FUNNY GAMES
Directed by Michael Haneke. Starring Naomi Watts, Tim Roth, Michael Pitt. Opens Fri, Mar 14.
2 1/2 Stars
Wow, are people going to hate Funny Games. And I mean hate. People aren’t just going to come out of it the way they did at The Da Vinci Code, shrugging and saying, “Boy, that was a bad movie,” and then going out to grab something to eat. Because it’s not a bad movie—it’s very professionally made and skillfully acted, especially by Naomi Watts and Tim Roth.
But that’s not going to matter, because Funny Games betrays the expectations of its unsuspecting audience in such a fundamental way that I’m sure most people’s reaction will be to reject it completely. The hate that this movie will generate is the kind that will persist for generations. It’s a hate that will bind married couples together and cause couples who see the movie on their first date to break up for good. I’m talking hate that will define a generation. I’m kind of eager to see it on the opening weekend, actually, if only to see how the crowd reacts to a particularly outrageous moment near the end of the film involving a TV remote control. I honestly wouldn’t be surprised if people started throwing things at the screen.

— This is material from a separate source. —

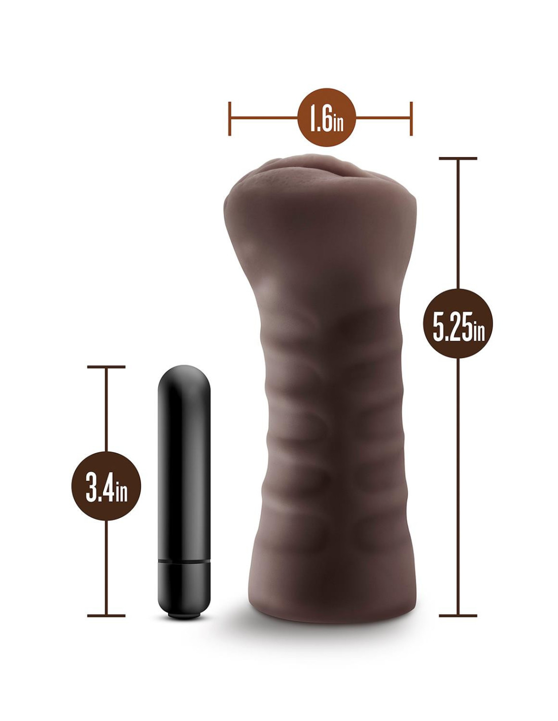 The Hot Chocolate Alexis is aching to take you whenever you want her. This soft, vagina-shaped masturbator is made of lifelike X5, for the perfect balance of soft and firm. Plus, the one-speed vibrating bullet delivers even more sensation up and down your shaft. Sized for convenient one-hand stroking, Alexis is open-ended to fit all lengths and is equipped with a no-slip grip, so you control the speed and depth of your thrusts. Enjoy Alexis alone or with your partner! Made of premium TPE, this stroker is high-quality and body safe. Bullet vibe requires 1 AAA battery (not included).Feels real: Soft, ribbed canal for the most lifelike experienceVibrating: One-speed bullet vibe to enhance sensations as you strokeAccommodating: Open-ended sleeve will take any size and is easy to cleanMade from TPE, contains no fragrances, phthalates, paraffins or latexSoft and supple masturbator.Requires 1x AAA battery, not includedLength 5.25 inch / 13,3 cm Width 1.5 inch / 3,8 cm

But let’s back up a bit. Funny Games is writer/director Michael Haneke’s shot-for-shot remake of his own 1997 German-language film, with Watts and Roth assuming the roles originally played by Susanne Lothar and Ulrich Mühe: Ann and George, a happy, well-to-do married couple who go on vacation with their son at their lake house, only to be taken hostage by a pair of polite young psychopaths in tennis whites who proceed to torture them for no apparent reason, save their own perverted amusement. At first, Haneke directs the film in a conventional (if somewhat clinical) manner, creating an underlying atmosphere of dread even as the happy family arrives at the lake house, and lingering on details (e.g., a dropped knife forgotten in the hull of a sailboat) as if to tip us off that they’ll be reincorporated later on in the story.
But don’t be fooled! The only reason Haneke, a former philosophy student and film critic, bothers setting up these Hollywood tropes in the first place is so he can knock them down later on and shock you out of your alleged complacency. (Yes, you! Sitting there with your popcorn, expecting to be entertained! Michael Haneke’s fed up with you!)
The first hint that there’s something strange going on in this movie comes when Michael Pitt, playing one of the two home invaders, tells Ann to go looking for the family dog and then turns towards the camera and smirks complicitly at the audience, as if to confirm our suspicion that he’s killed it already. As the film progresses, Pitt begins acknowledging the audience’s presence even more overtly, asking us if he thinks the family will survive and explaining that he’s only doing certain things because it makes the story more dramatic.
I saw the original Funny Games when it first came out, and I didn’t like it much. Back then, a lot of reviewers, noting the way the two killers casually refer to each other as “Tom and Jerry” or “Beavis and Butt-head,” interpreted the film as a comment on how TV has completely desensitized a generation of young people to violence. Viewed through that lens, I thought the film was pretty facile. Nowadays, however, it’s clear that Haneke’s true target isn’t numbed-out TV-watching young people but the very audience who would pay money to see the kind of movie Funny Games appears to be.
Why, Haneke asks, do we regard torture and violence as entertainment? What is the nature of the pleasure we derive from certain types of onscreen death, and what happens when those scenes are taken away from us?
I think I understand Haneke’s intentions better this time out, but I still don’t think his point holds any more water. Surely Haneke realizes that onscreen violence in the context of a dramatic story and real-life violence are very different things. Only a psychotic would confuse the two, and yet Haneke seems to regard our taste for onscreen violence as being somehow immoral.
You don’t have to be some kind of film theorist to be aware on some level that any movie you’re watching is a constructed object that obeys certain established conventions. Everyone who’s ever shouted back at the screen during a clichéd horror movie knows that. And so Pitt’s winks and smirks to the camera aren’t the least bit shocking or daring—they’re just exasperating. (That said, I did laugh when Pitt petulantly remarks that we’re probably rooting for the family, as if it’s exactly the bourgeois reaction he was expecting from us.)
But Haneke’s attitude toward the audience often seems as condescending as Pitt’s. In the final act of No Country for Old Men, the Coen Brothers also deliberately violated thriller conventions, pulling the rug out from out identification with the apparent main character and denying us the violent catharsis all our years of moviegoing training had led us to expect. But they also gave us a deeper and more profound vision of the world in exchange. In Funny Games, Haneke doesn’t leave us with much more than an arid academic exercise, a stealth experiment in audience manipulation. Let’s hope the subjects don’t riot and tear up the laboratory.